Difficulty	Intermediate
Time Required	45-60 minutes
Prerequisites	Node.js 18+, Anthropic API key, TypeScript familiarity
Tools Needed	Claude Code CLI, @anthropic-ai/claude-agent-sdk

What You'll Learn:

Set up the Agent SDK and run your first query
Build a code review agent that reads files and returns structured findings
Create subagents for specialized tasks like security scanning
Handle permissions, sessions, and custom tools via MCP

The Agent SDK is the infrastructure behind Claude Code, exposed as a library. You get the agent loop, built-in tools for filesystem operations, and context management. This guide walks through building a code review agent from scratch. You'll end up with something that scans a codebase, identifies issues, and returns structured feedback.

Getting Started

Install the Claude Code CLI first.
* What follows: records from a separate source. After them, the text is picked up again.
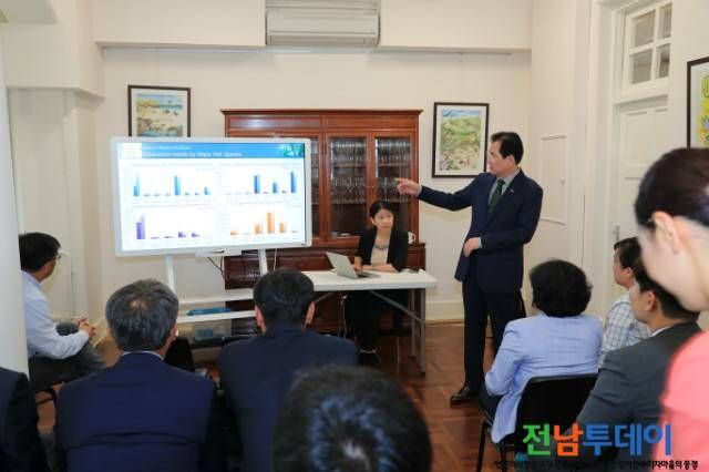 이날 발표자로 나선 완도군 신우철 군수는 한국의 수산업 현황, 완도군의 지속가능한 양식업 전환을 위한 지금까지의 추진 과정 및 노력과 전복에 이어 광어, 해조류 등의 ASC·MSC 인증 확대 추진 계획에 대해 소개했다.
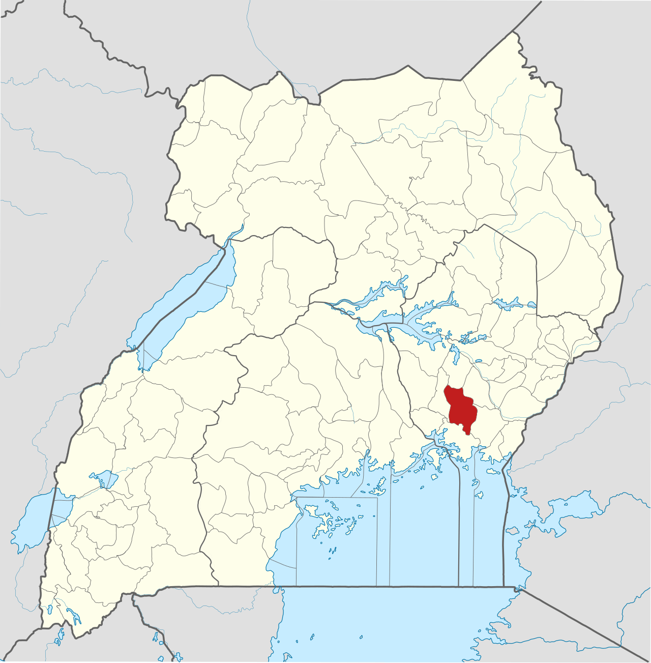 - Location of Iganga District in Uganda. (OpenStreetMap contributors, Jarry1250, NordNordWest)
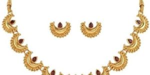 This exquisite Traditional Antique Gold Plated Chandbali Necklace Set brings together timeless Indian craftsmanship and contemporary elegance. Featuring a stunning crescent moon design adorned with deep red cubic zirconia stones, this jewellery set captures the essence of heritage beauty. The necklace showcases intricate Rava work with minute gold granulation detailing that adds luxurious texture and depth to each crescent motif. Designed to sit gracefully as a choker-style piece, it features an adjustable dori closure ranging from 30 to 45 centimetres, ensuring a perfect fit for various necklines. The set includes matching stud earrings with secure push-back closures that mirror the necklace's elegant design. Ideal for weddings, festivals, engagements, and special celebrations, this lightweight set pairs beautifully with sarees, lehengas, and fusion wear. The matte antique gold finish gives it a sophisticated, heirloom appearance that complements both traditional and modern outfits. Each piece is carefully crafted to be comfortable for extended wear whilst making a statement of refined taste and cultural pride.
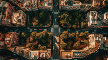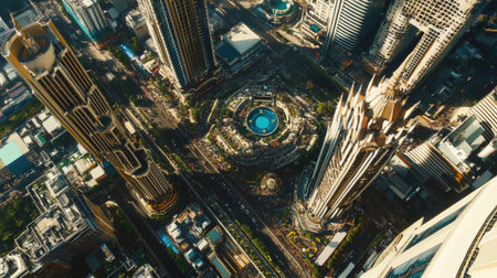 Captivating aerial view showcasing bustling city life with towering skyscrapers and lively streets. A perfect representation of modern urban dynamics and architecture.
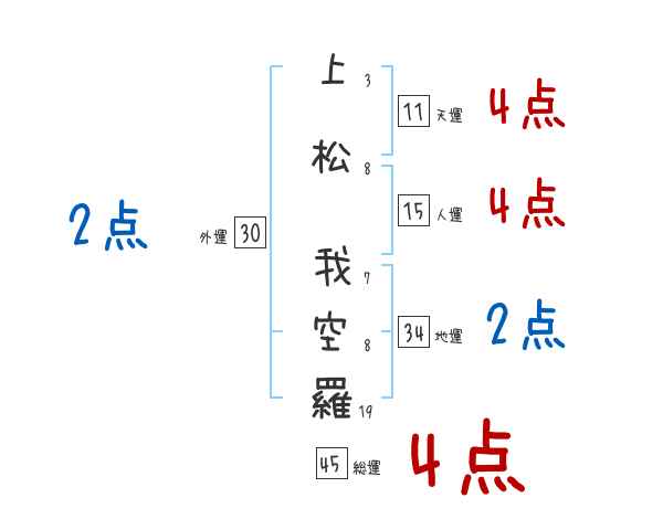 外運![]() | 上松我空羅さんの外運は30画の2つ星!浮き沈みの激しさに注意しましょう。 生活面を象徴する運勢です。外部から受ける影響力を表し、結婚運、家庭運や職場、環境への順応性を表します。 |
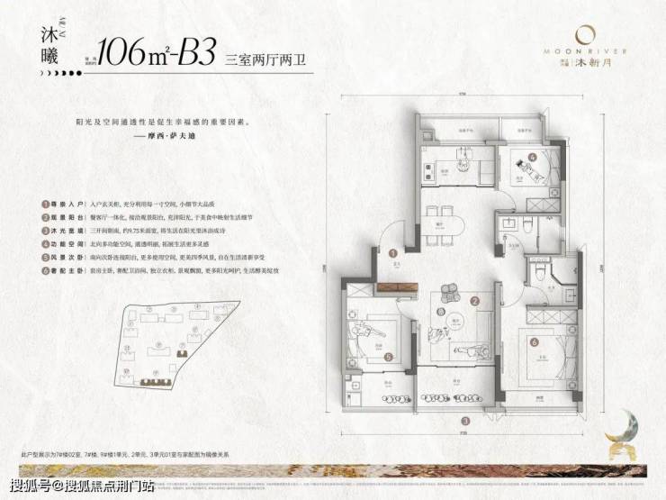 所以你看,沐新月的106方是三开间朝南格局,正气三房排布。
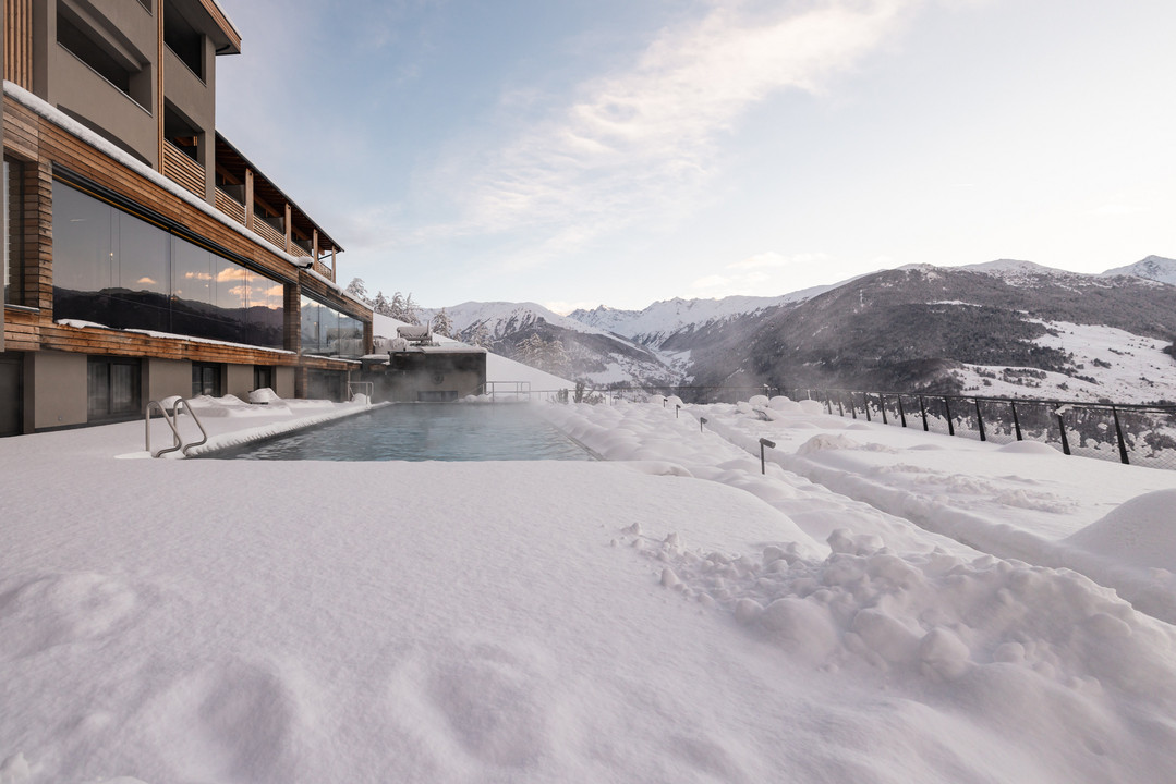 Cosa c'è di più bello che tuffarsi e farsi avvolgere dall'acqua rivitalizzante, ammirando il panorama mozzafiato a valle e sulle cime circostanti?
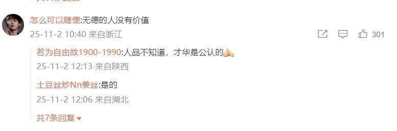 更有人直接点题:“艺术造诣高不代表可以有特权,不尊重别人的人,再厉害也该被骂,无德的人就算有作品,也没什么值得追捧的价值。”
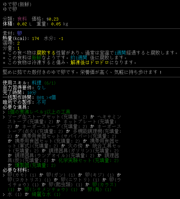 ゆで卵を調理して仲間にあげました。今回のプレイ日記はここで終わりにします。次回もバイクに乗って町の東側にある施設を漁ります。

The Agent SDK uses it as its runtime:

npm install -g @anthropic-ai/claude-code

Run claude in your terminal and follow the prompts to authenticate. Then set up your project:

mkdir code-review-agent && cd code-review-agent
npm init -y
npm install @anthropic-ai/claude-agent-sdk
npm install -D typescript @types/node tsx

Set your API key:

export ANTHROPIC_API_KEY=your-api-key

The SDK vs Raw API

If you've built agents with the raw Messages API, you know the loop: call the model, check if it wants a tool, execute the tool, feed the result back, repeat. The SDK handles this for you.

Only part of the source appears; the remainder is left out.